►
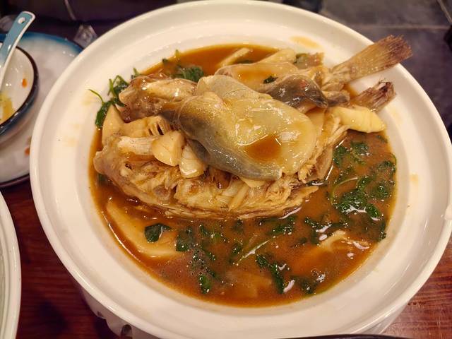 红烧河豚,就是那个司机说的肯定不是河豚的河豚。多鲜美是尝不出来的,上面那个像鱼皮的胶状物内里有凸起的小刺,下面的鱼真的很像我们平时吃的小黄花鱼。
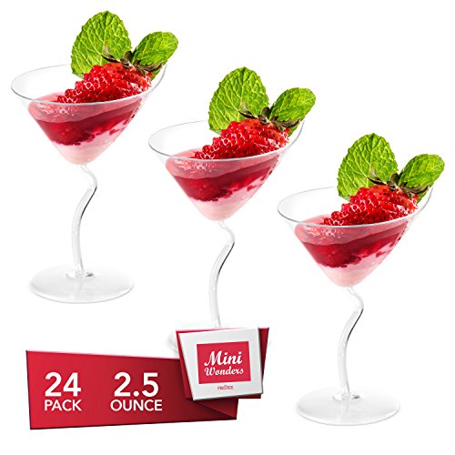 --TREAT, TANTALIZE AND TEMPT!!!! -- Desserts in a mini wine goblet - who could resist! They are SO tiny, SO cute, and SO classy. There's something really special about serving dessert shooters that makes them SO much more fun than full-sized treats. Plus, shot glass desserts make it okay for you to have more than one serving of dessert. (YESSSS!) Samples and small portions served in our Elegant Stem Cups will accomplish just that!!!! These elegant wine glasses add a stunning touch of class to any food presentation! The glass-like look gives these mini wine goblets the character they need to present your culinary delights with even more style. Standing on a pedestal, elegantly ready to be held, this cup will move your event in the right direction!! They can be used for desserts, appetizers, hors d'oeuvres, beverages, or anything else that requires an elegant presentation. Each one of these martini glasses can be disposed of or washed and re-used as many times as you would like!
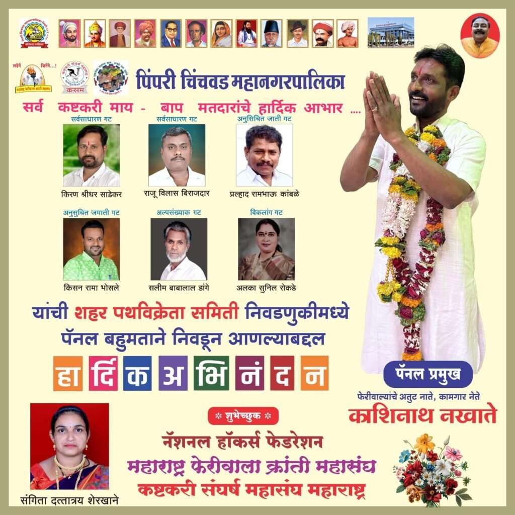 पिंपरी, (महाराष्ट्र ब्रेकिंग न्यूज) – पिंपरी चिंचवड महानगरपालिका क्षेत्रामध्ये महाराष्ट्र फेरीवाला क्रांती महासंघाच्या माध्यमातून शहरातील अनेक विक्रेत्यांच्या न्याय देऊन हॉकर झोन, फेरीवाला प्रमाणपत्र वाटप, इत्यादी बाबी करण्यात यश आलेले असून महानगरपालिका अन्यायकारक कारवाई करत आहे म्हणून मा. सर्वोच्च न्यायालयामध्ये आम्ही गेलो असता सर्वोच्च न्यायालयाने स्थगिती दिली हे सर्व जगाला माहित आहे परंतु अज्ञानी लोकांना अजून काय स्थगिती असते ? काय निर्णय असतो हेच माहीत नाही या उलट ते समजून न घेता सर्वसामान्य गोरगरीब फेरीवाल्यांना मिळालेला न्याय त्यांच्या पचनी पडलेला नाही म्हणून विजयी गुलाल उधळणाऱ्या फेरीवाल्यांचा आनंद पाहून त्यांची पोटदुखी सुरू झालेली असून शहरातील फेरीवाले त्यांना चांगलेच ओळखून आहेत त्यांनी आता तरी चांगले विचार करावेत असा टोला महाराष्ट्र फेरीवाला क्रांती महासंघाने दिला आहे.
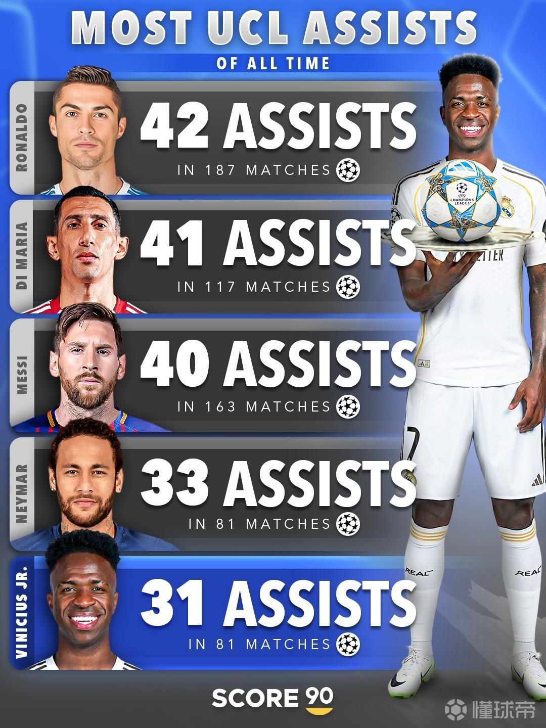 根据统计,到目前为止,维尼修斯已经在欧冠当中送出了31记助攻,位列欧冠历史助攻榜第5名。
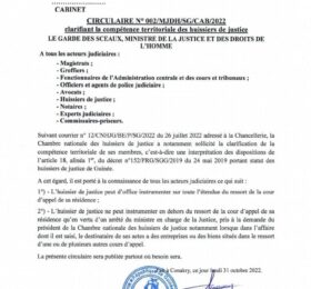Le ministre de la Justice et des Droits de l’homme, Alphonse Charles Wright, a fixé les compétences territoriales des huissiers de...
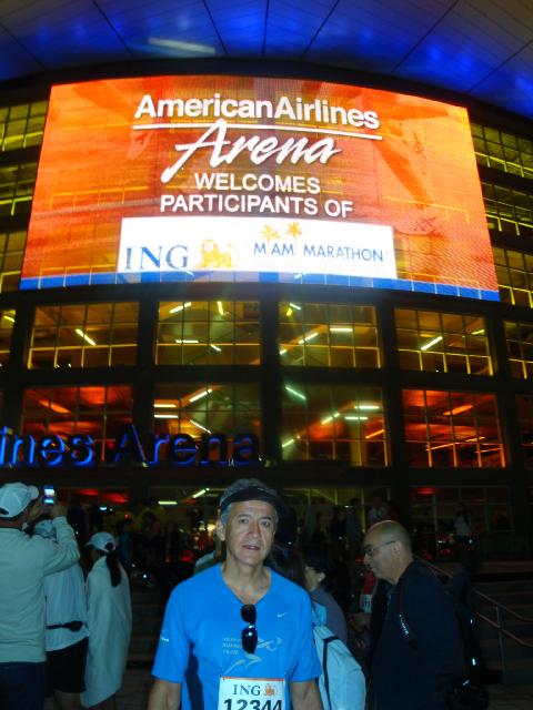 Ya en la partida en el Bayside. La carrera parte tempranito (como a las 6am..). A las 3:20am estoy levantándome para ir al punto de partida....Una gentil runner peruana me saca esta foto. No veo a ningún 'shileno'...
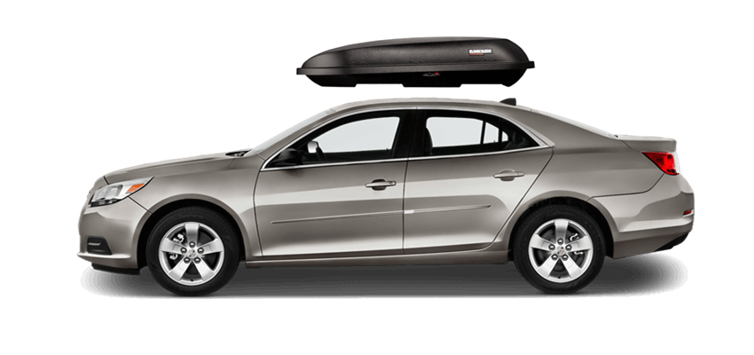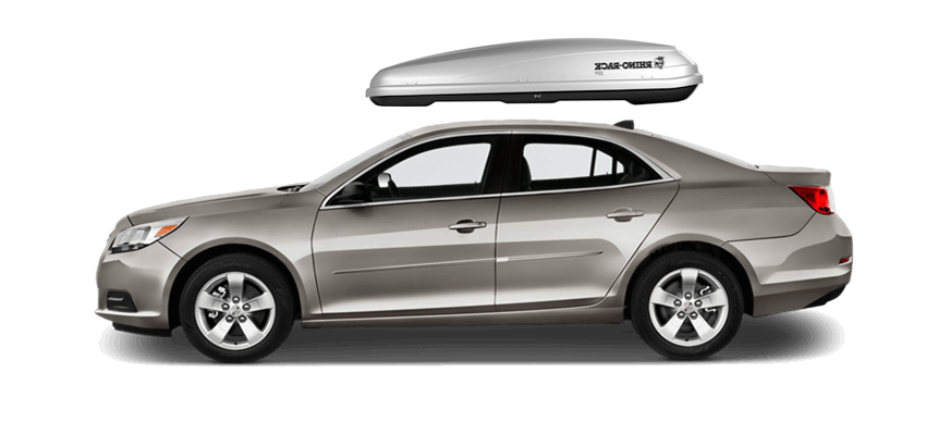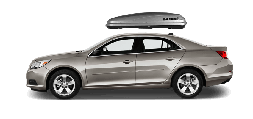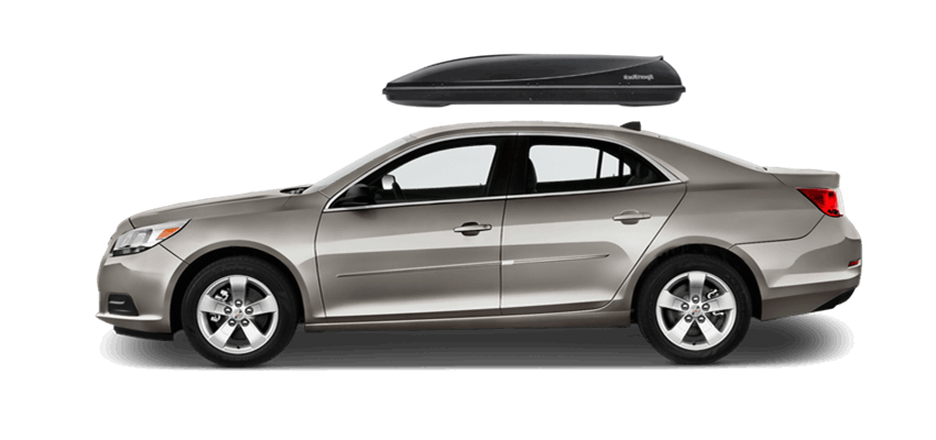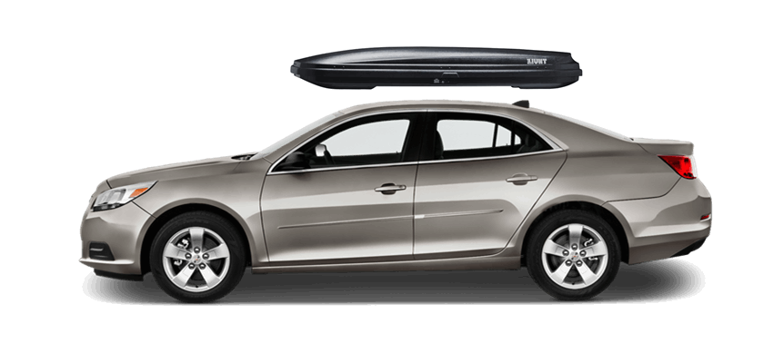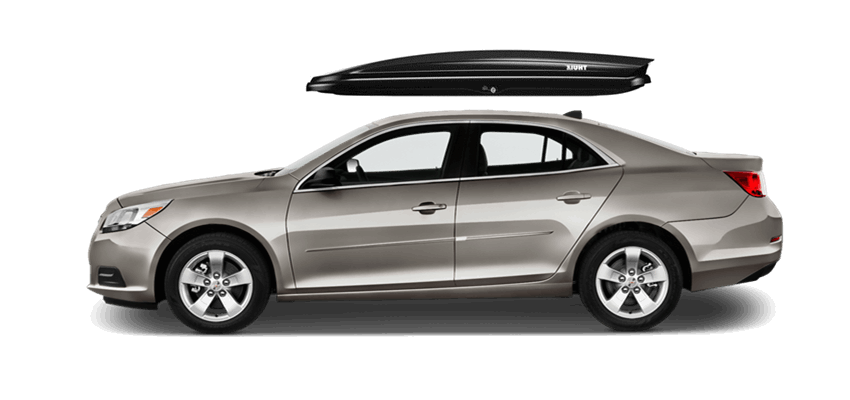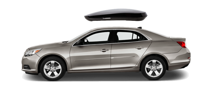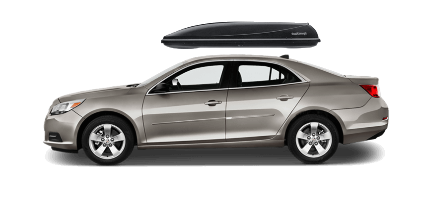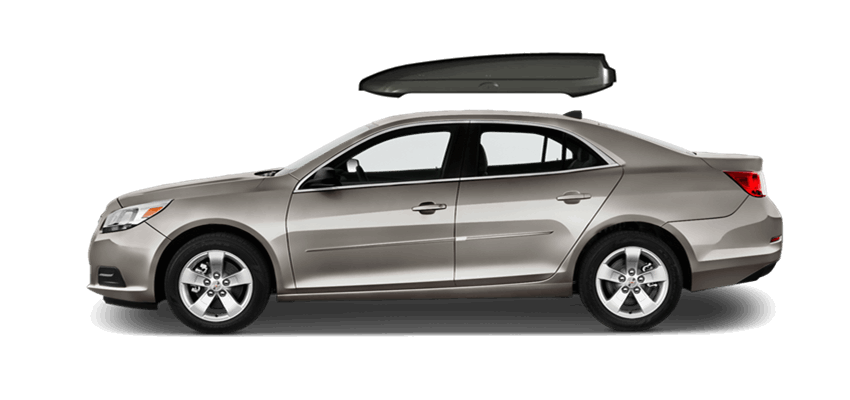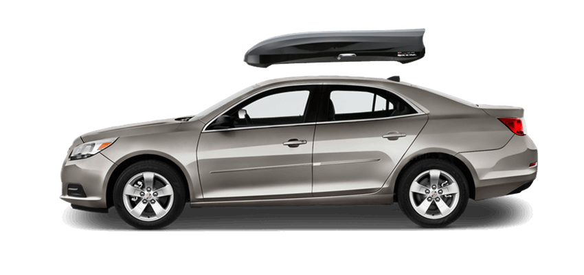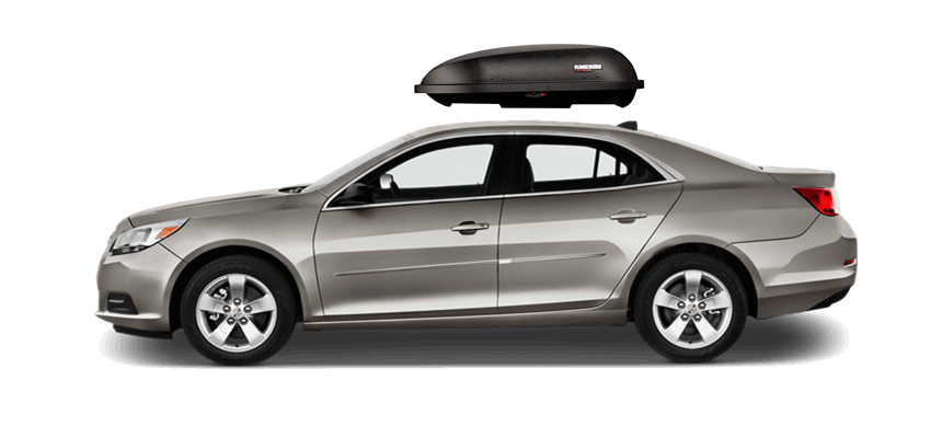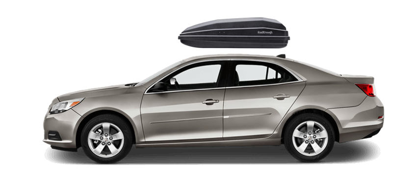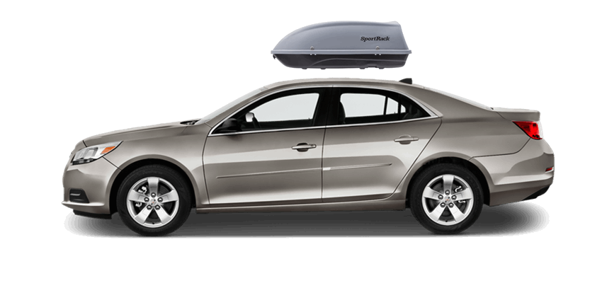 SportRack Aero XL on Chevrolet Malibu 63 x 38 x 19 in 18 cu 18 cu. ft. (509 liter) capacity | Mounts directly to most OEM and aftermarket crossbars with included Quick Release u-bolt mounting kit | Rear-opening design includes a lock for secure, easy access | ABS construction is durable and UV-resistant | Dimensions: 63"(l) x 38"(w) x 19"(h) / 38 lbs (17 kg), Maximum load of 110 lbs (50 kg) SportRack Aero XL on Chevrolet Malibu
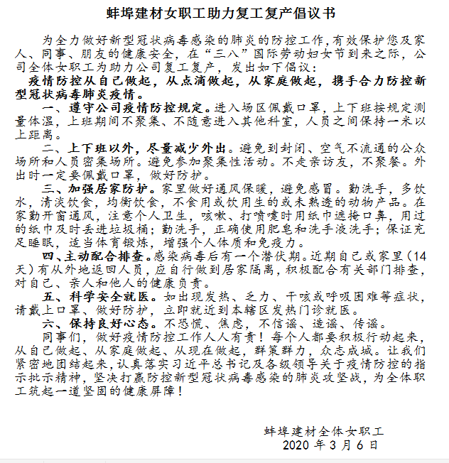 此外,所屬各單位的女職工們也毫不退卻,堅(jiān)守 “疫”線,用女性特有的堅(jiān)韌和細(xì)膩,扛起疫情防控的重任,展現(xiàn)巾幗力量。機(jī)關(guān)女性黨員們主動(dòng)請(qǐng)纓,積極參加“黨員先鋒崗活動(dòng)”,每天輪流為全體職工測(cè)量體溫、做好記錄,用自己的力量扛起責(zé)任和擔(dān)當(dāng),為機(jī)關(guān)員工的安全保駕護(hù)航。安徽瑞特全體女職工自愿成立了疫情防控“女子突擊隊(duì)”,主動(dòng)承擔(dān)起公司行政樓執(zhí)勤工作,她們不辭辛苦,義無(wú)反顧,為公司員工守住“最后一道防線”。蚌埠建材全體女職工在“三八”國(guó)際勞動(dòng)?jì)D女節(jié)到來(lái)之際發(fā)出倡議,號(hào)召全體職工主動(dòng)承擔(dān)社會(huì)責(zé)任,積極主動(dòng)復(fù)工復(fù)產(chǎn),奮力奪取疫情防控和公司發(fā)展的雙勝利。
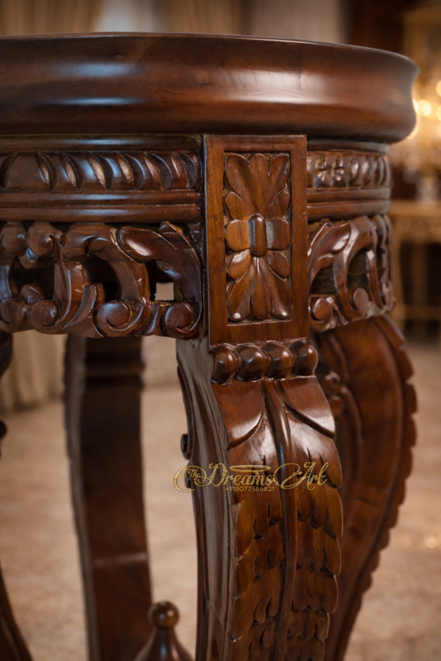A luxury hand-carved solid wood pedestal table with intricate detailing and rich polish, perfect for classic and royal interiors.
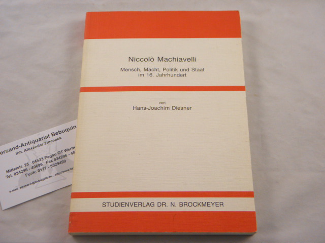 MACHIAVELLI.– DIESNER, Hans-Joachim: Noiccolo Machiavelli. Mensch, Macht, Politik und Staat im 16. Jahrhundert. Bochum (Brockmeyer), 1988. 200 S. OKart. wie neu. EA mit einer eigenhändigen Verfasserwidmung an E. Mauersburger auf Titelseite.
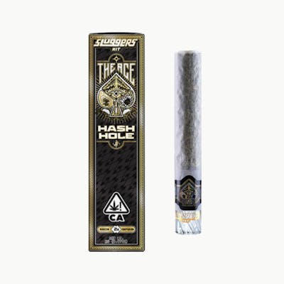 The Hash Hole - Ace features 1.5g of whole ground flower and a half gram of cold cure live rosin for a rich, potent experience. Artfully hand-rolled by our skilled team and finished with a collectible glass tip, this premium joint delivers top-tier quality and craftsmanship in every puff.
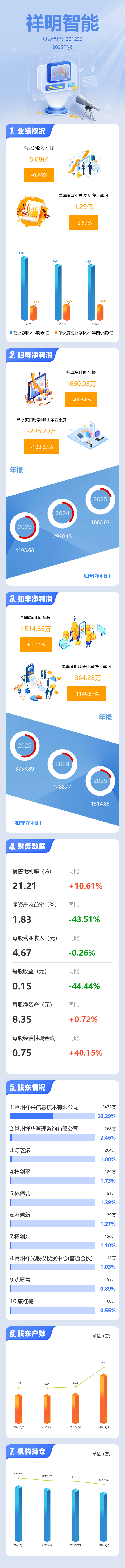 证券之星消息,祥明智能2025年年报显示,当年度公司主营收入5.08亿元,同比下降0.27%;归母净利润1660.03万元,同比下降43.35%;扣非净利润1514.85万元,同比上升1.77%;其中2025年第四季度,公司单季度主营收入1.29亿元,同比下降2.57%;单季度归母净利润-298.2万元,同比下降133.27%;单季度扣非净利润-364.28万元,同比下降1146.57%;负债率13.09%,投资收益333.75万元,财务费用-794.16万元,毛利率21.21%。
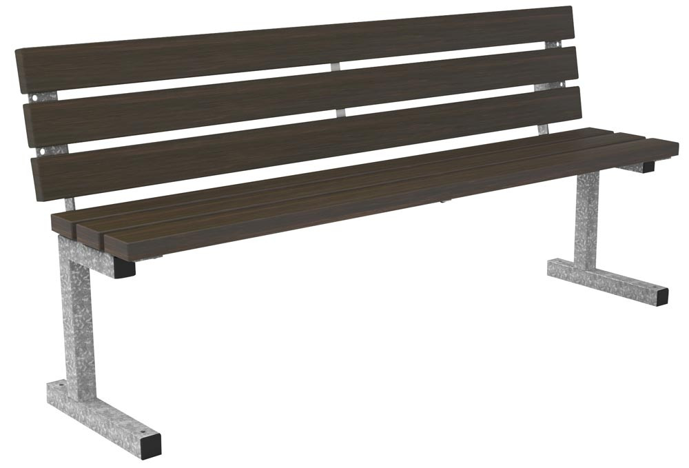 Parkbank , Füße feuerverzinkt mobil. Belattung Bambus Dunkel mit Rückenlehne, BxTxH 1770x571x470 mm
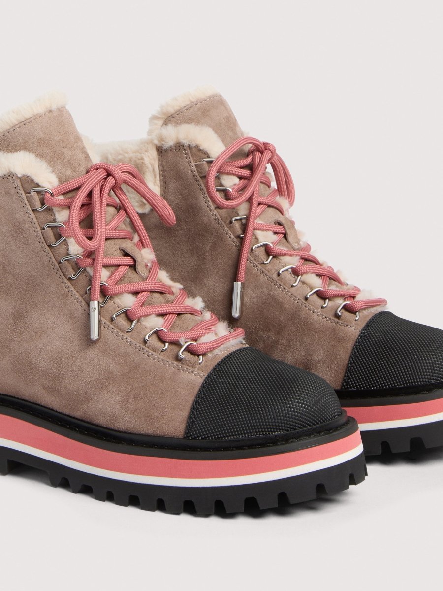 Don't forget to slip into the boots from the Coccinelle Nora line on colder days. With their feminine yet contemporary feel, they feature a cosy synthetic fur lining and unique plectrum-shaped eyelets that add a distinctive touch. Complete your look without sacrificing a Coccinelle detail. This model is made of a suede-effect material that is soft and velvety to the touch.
◄
» **EXERCISE GOAL**: Will you set down the records word for word while leaving out every picture?

» **RESULT OF THE EXERCISE**:
 红烧河豚,就是那个司机说的肯定不是河豚的河豚。多鲜美是尝不出来的,上面那个像鱼皮的胶状物内里有凸起的小刺,下面的鱼真的很像我们平时吃的小黄花鱼。
 --TREAT, TANTALIZE AND TEMPT!!!! -- Desserts in a mini wine goblet - who could resist! They are SO tiny, SO cute, and SO classy. There's something really special about serving dessert shooters that makes them SO much more fun than full-sized treats. Plus, shot glass desserts make it okay for you to have more than one serving of dessert. (YESSSS!) Samples and small portions served in our Elegant Stem Cups will accomplish just that!!!! These elegant wine glasses add a stunning touch of class to any food presentation! The glass-like look gives these mini wine goblets the character they need to present your culinary delights with even more style. Standing on a pedestal, elegantly ready to be held, this cup will move your event in the right direction!! They can be used for desserts, appetizers, hors d'oeuvres, beverages, or anything else that requires an elegant presentation. Each one of these martini glasses can be disposed of or washed and re-used as many times as you would like!
 पिंपरी, (महाराष्ट्र ब्रेकिंग न्यूज) – पिंपरी चिंचवड महानगरपालिका क्षेत्रामध्ये महाराष्ट्र फेरीवाला क्रांती महासंघाच्या माध्यमातून शहरातील अनेक विक्रेत्यांच्या न्याय देऊन हॉकर झोन, फेरीवाला प्रमाणपत्र वाटप, इत्यादी बाबी करण्यात यश आलेले असून महानगरपालिका अन्यायकारक कारवाई करत आहे म्हणून मा. सर्वोच्च न्यायालयामध्ये आम्ही गेलो असता सर्वोच्च न्यायालयाने स्थगिती दिली हे सर्व जगाला माहित आहे परंतु अज्ञानी लोकांना अजून काय स्थगिती असते ? काय निर्णय असतो हेच माहीत नाही या उलट ते समजून न घेता सर्वसामान्य गोरगरीब फेरीवाल्यांना मिळालेला न्याय त्यांच्या पचनी पडलेला नाही म्हणून विजयी गुलाल उधळणाऱ्या फेरीवाल्यांचा आनंद पाहून त्यांची पोटदुखी सुरू झालेली असून शहरातील फेरीवाले त्यांना चांगलेच ओळखून आहेत त्यांनी आता तरी चांगले विचार करावेत असा टोला महाराष्ट्र फेरीवाला क्रांती महासंघाने दिला आहे.
 根据统计,到目前为止,维尼修斯已经在欧冠当中送出了31记助攻,位列欧冠历史助攻榜第5名。
Le ministre de la Justice et des Droits de l’homme, Alphonse Charles Wright, a fixé les compétences territoriales des huissiers de...
 Ya en la partida en el Bayside. La carrera parte tempranito (como a las 6am..). A las 3:20am estoy levantándome para ir al punto de partida....Una gentil runner peruana me saca esta foto. No veo a ningún 'shileno'...
 SportRack Aero XL on Chevrolet Malibu 63 x 38 x 19 in 18 cu 18 cu. ft. (509 liter) capacity | Mounts directly to most OEM and aftermarket crossbars with included Quick Release u-bolt mounting kit | Rear-opening design includes a lock for secure, easy access | ABS construction is durable and UV-resistant | Dimensions: 63"(l) x 38"(w) x 19"(h) / 38 lbs (17 kg), Maximum load of 110 lbs (50 kg) SportRack Aero XL on Chevrolet Malibu
 此外,所屬各單位的女職工們也毫不退卻,堅(jiān)守 “疫”線,用女性特有的堅(jiān)韌和細(xì)膩,扛起疫情防控的重任,展現(xiàn)巾幗力量。機(jī)關(guān)女性黨員們主動(dòng)請(qǐng)纓,積極參加“黨員先鋒崗活動(dòng)”,每天輪流為全體職工測(cè)量體溫、做好記錄,用自己的力量扛起責(zé)任和擔(dān)當(dāng),為機(jī)關(guān)員工的安全保駕護(hù)航。安徽瑞特全體女職工自愿成立了疫情防控“女子突擊隊(duì)”,主動(dòng)承擔(dān)起公司行政樓執(zhí)勤工作,她們不辭辛苦,義無(wú)反顧,為公司員工守住“最后一道防線”。蚌埠建材全體女職工在“三八”國(guó)際勞動(dòng)?jì)D女節(jié)到來(lái)之際發(fā)出倡議,號(hào)召全體職工主動(dòng)承擔(dān)社會(huì)責(zé)任,積極主動(dòng)復(fù)工復(fù)產(chǎn),奮力奪取疫情防控和公司發(fā)展的雙勝利。
A luxury hand-carved solid wood pedestal table with intricate detailing and rich polish, perfect for classic and royal interiors.
 MACHIAVELLI.– DIESNER, Hans-Joachim: Noiccolo Machiavelli. Mensch, Macht, Politik und Staat im 16. Jahrhundert. Bochum (Brockmeyer), 1988. 200 S. OKart. wie neu. EA mit einer eigenhändigen Verfasserwidmung an E. Mauersburger auf Titelseite.
 The Hash Hole - Ace features 1.5g of whole ground flower and a half gram of cold cure live rosin for a rich, potent experience. Artfully hand-rolled by our skilled team and finished with a collectible glass tip, this premium joint delivers top-tier quality and craftsmanship in every puff.
 证券之星消息,祥明智能2025年年报显示,当年度公司主营收入5.08亿元,同比下降0.27%;归母净利润1660.03万元,同比下降43.35%;扣非净利润1514.85万元,同比上升1.77%;其中2025年第四季度,公司单季度主营收入1.29亿元,同比下降2.57%;单季度归母净利润-298.2万元,同比下降133.27%;单季度扣非净利润-364.28万元,同比下降1146.57%;负债率13.09%,投资收益333.75万元,财务费用-794.16万元,毛利率21.21%。
 Parkbank , Füße feuerverzinkt mobil. Belattung Bambus Dunkel mit Rückenlehne, BxTxH 1770x571x470 mm
 Don't forget to slip into the boots from the Coccinelle Nora line on colder days. With their feminine yet contemporary feel, they feature a cosy synthetic fur lining and unique plectrum-shaped eyelets that add a distinctive touch. Complete your look without sacrificing a Coccinelle detail. This model is made of a suede-effect material that is soft and velvety to the touch.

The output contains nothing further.